The Pentagon logo in the briefing room at the Pentagon in Arlington, Va., January 8, 2020 (Al Drago/Reuters)

A consultant for the Pentagon U.F.O program is speaking out about retrievals from “off-world vehicles not made on this earth.”

Eric W. Davis, an astrophysicist who worked as a subcontractor and then a consultant for the Pentagon U.F.O. program since 2007 told the New York Times he gave a classified briefing to a Defense Department agency as recently as March about the alleged “off-world” vehicles. He also gave classified briefings on retrievals of unexplained objects to staff members of the Senate Armed Services Committee and the Senate Intelligence Committee last October.

Davis said that in some cases he had failed to determine the source of recovered materials, leading him to conclude, “We couldn’t make it ourselves.”

Though the Pentagon had said it disbanded a program to investigate unidentified flying objects, the Times reported that investigations into encounters between military pilots and unidentified aerial vehicles continue under a renamed program — the Unidentified Aerial Phenomenon Task Force — inside the Office of Naval Intelligence. While the program is not classified, it deals with classified matters. 

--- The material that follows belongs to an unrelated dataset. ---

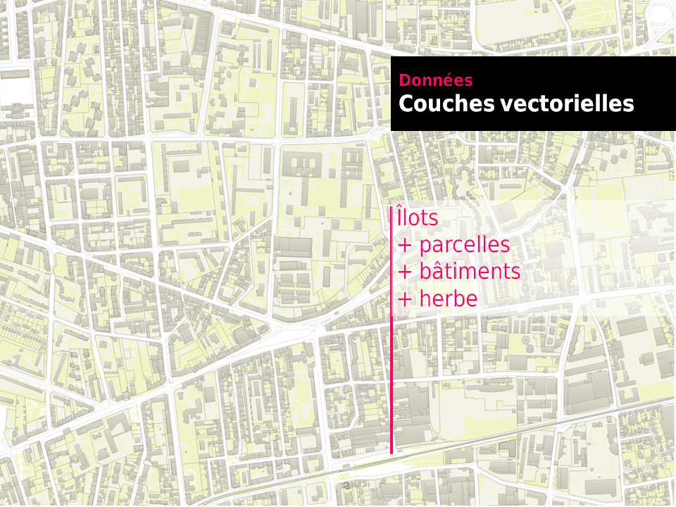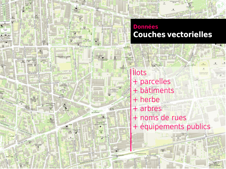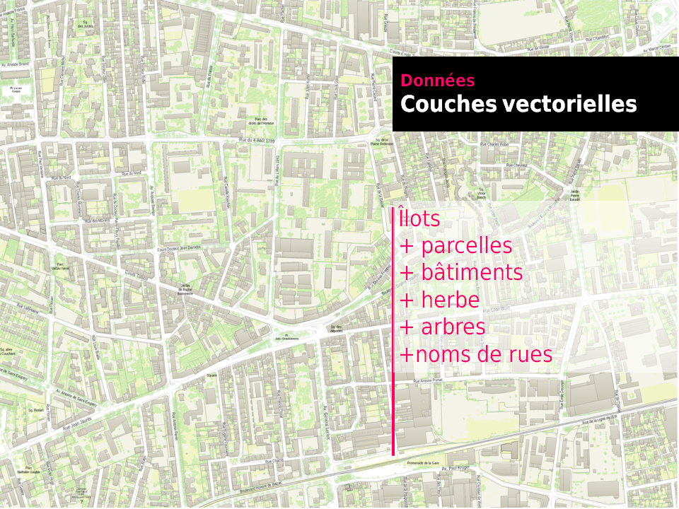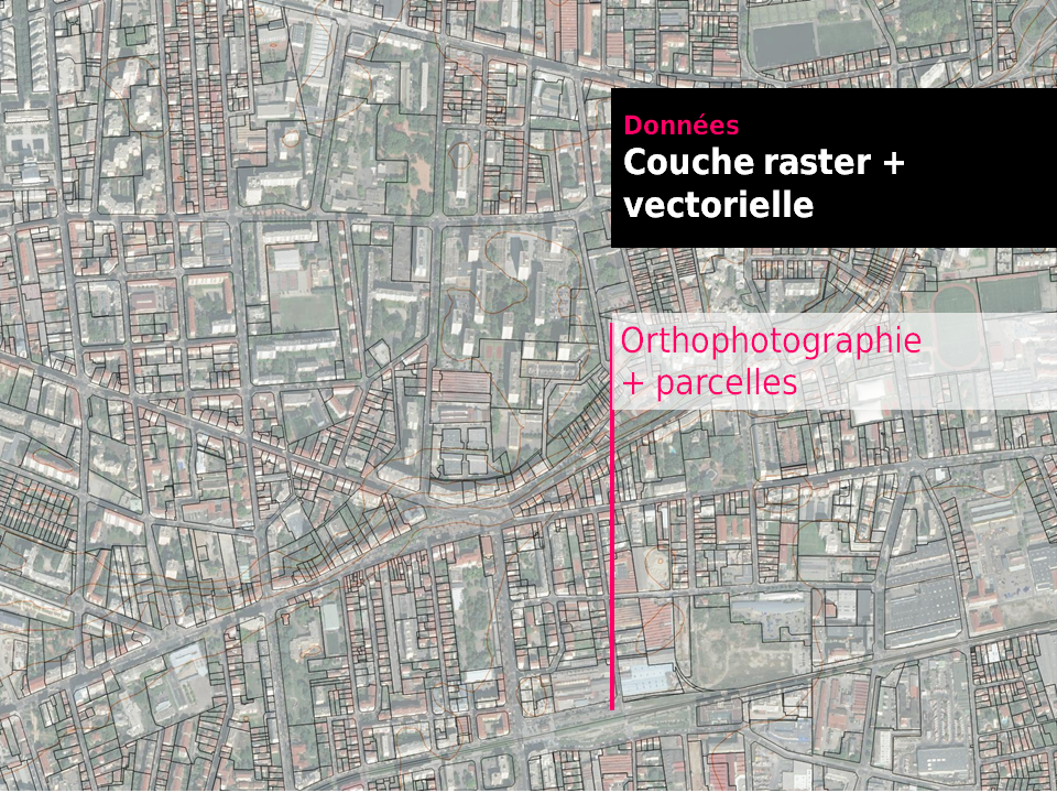 Le plus souvent, pour réaliser une carte, on aura besoin de plusieurs couches de données différentes. Dans l’exemple que nous avons pris, il y en avait trois : une couche de polygones pour les parcelles cadastrales, une couche de lignes pour les voies, une couche de points pour les numéros de voies. Avant de télécharger des données, il importe de réfléchir à celles qui nous serons utiles et sous quelle forme (raster, vecteur).

A Senate committee report last month said the program was to “standardize collection and reporting” on sightings of unexplained aerial vehicles. The program was ordered to report at least some of its findings to the public within 180 days after the passing of the intelligence authorization act. 

The Pentagon program’s previous director, Luis Elizondo, a former military intelligence official who resigned in October 2017 after 10 years with the program, said he is convinced that objects of undetermined origin have crashed on earth with materials retrieved for study. Elizondo’s belief is shared by a group of former government officials as well as scientists and security officials, all of whom cannot present physical proof. 

However, some previously unexplained incidents do have earthly explanations, and astrophysicists stress that even those lacking explanations are not necessarily caused by extraterrestrial oddities. 

While Harry Reid, the former Senate majority leader who has been involved in the effort, told the Times he hopes the program will seek evidence of other worldly vehicles, the program’s main objective is to uncover whether other nations are using breakout aviation technology that may threaten the U.S. In either case, Reid says, “it is extremely important that information about the discovery of physical materials or retrieved craft come out.” 

Acting chairman of the Senate Select Committee on Intelligence Marco Rubio (R., Fl.)  said earlier this month that he is principally concerned about reports of unidentified aircraft over American military bases. He said it is in the government’s interest to find the responsible party, expressing concern that China or Russia could have made “some technological leap” that “allows them to conduct this sort of activity.”

While Rubio said some unidentified aerial vehicles over U.S. bases may have featured technologies not in use in America, he also said, “Maybe there is a completely, sort of, boring explanation for it. But we need to find out.”